I keep reminding myself of that verse... "This too shall pass"
I know the bad gas and not wanting to nap are just a phase we're going through, it's just been a rough few days. But I'm happy to report that today has been a vast improvement from yesterday. I was about to pull my hair out and cried a few times yesterday when I couldn't get him to sleep (even though his eyes looked SO TIRED) It was so stressful for me because I knew he needed to sleep and I knew he was cranky because he hadn't gotten enough sleep, but there was nothing I could do to help him go to sleep. Yesterday was kind of a waiting game. The only problem was I was so tired, I was NOT in the mood for waiting;)

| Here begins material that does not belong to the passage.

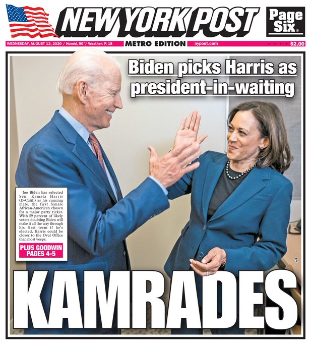 In an America where it’s now being grimly observed: “There is growing worry these days about whether or not we are headed for another civil war, and whether the divisions in American society are as bad as they were in the run-up to what is still the bloodiest war in American history…In fact, there is no comparison between the divisions between Americans today and in the run-up to the Civil War…The ones today are far worse”, this report concludes, left nearly alone to keep telling the truth about fake black socialist Kamala Harris is President Trump—who yesterday while noting that Kamala Harris was “nasty” and “disrespectful” to Joe Biden, said “She Was My Number One Draft Pick”—after which President Trump branded the Biden-Harris ticket “Slow Joe and Phony Kamala” and released a campaign video about them that was viewed over 3-million time in its first hour of release on social media—and then saw President Trump warning the American people that if the Biden-Harris ticket wins, “You’ll Have to Learn to Speak Chinese”—a reference to the Communist Chinese takeover of America should Biden and Harris win—though this doesn’t seem likely to occur according to top American investor genius Jeff Gundlach, “Who Correctly Called The 2016 Presidential Election, And Predicts Trump Will Win Again”.

But we got through it and he slept better during the night. And today has felt like such a relief as far as naps are concerned. He's been getting back on the schedule he was on before. He eats, is up for a bit (with pleasant looks and smiles and coo's) and falls asleep after being up for about an hour to an hour and a half. So YAY for whatever has been helping to calm him today. And in turn, has helped to calm me as well. I feel much better today. Still can't wait for the gas to stop bothering him, especially during the night. I go in a few times(or more) during the night to rub his tummy when I know he could have kept sleeping if he wasn't experiencing pain. I know we'll get through it.

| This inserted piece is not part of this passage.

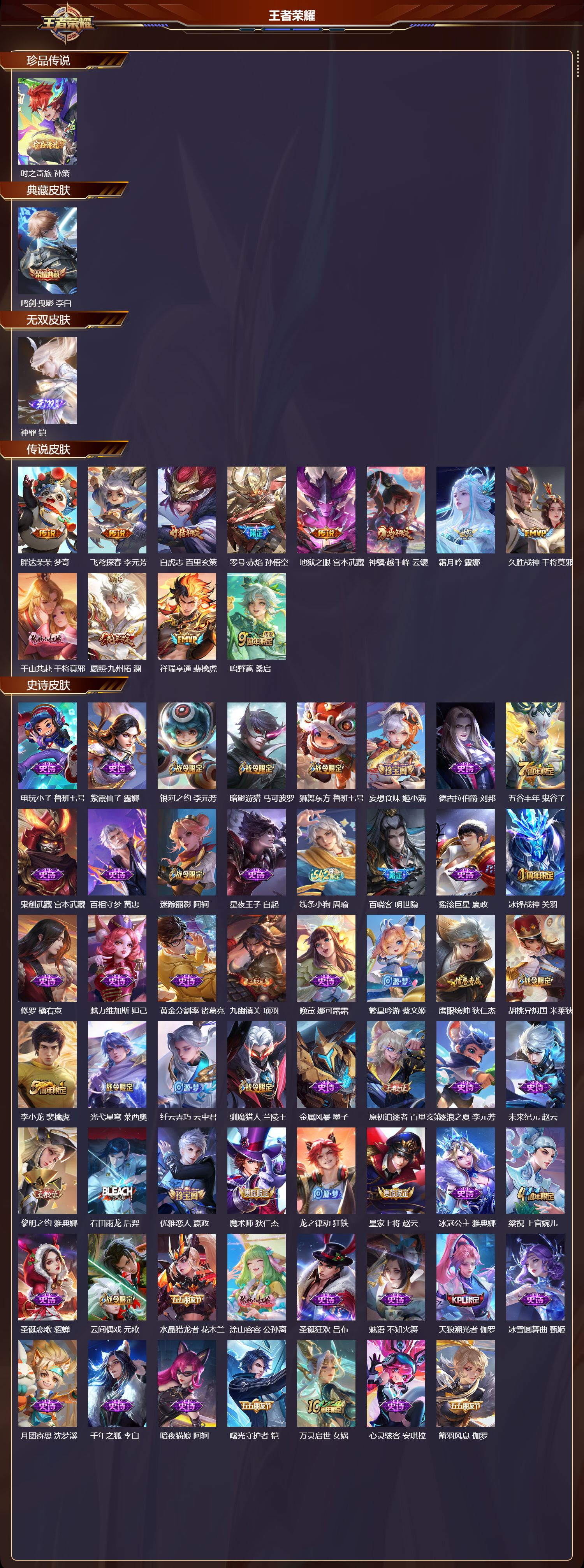 安卓QQ/至尊星耀/235皮肤/128英雄/1典藏/0珍品无双/1无双/1珍品传说/12传说/65史诗/8稀有英雄【1 珍品传说】时之奇旅 孙策,【1 典藏皮肤】鸣剑·曳影 李白,【1 无双皮肤】神罪 铠,【12 传说皮肤】胖达荣荣 梦奇,飞鸢探春 李元芳,白虎志 百里玄策,零号·赤焰 孙悟空,地狱之眼 宫本武藏,神骥·越千峰 云缨,霜月吟 露娜,久胜战神 干将莫邪,千山共赴 干将莫邪,愿照·九州

My friend Rachel Hyman was just telling me today (in an e-mail) that she remembers going through it too. And it's so good to be reminded that others have been there and better days are around the corner. (thanks Rachel:)
And I just keep asking God to help keep me calm and hopeful for what's to come. And I also make sure to enjoy those moments when he IS enjoying life... the smiles, the active arms and legs, the eyes that love to explore. He's such a blessing. I need to thank God for him EVERYDAY!!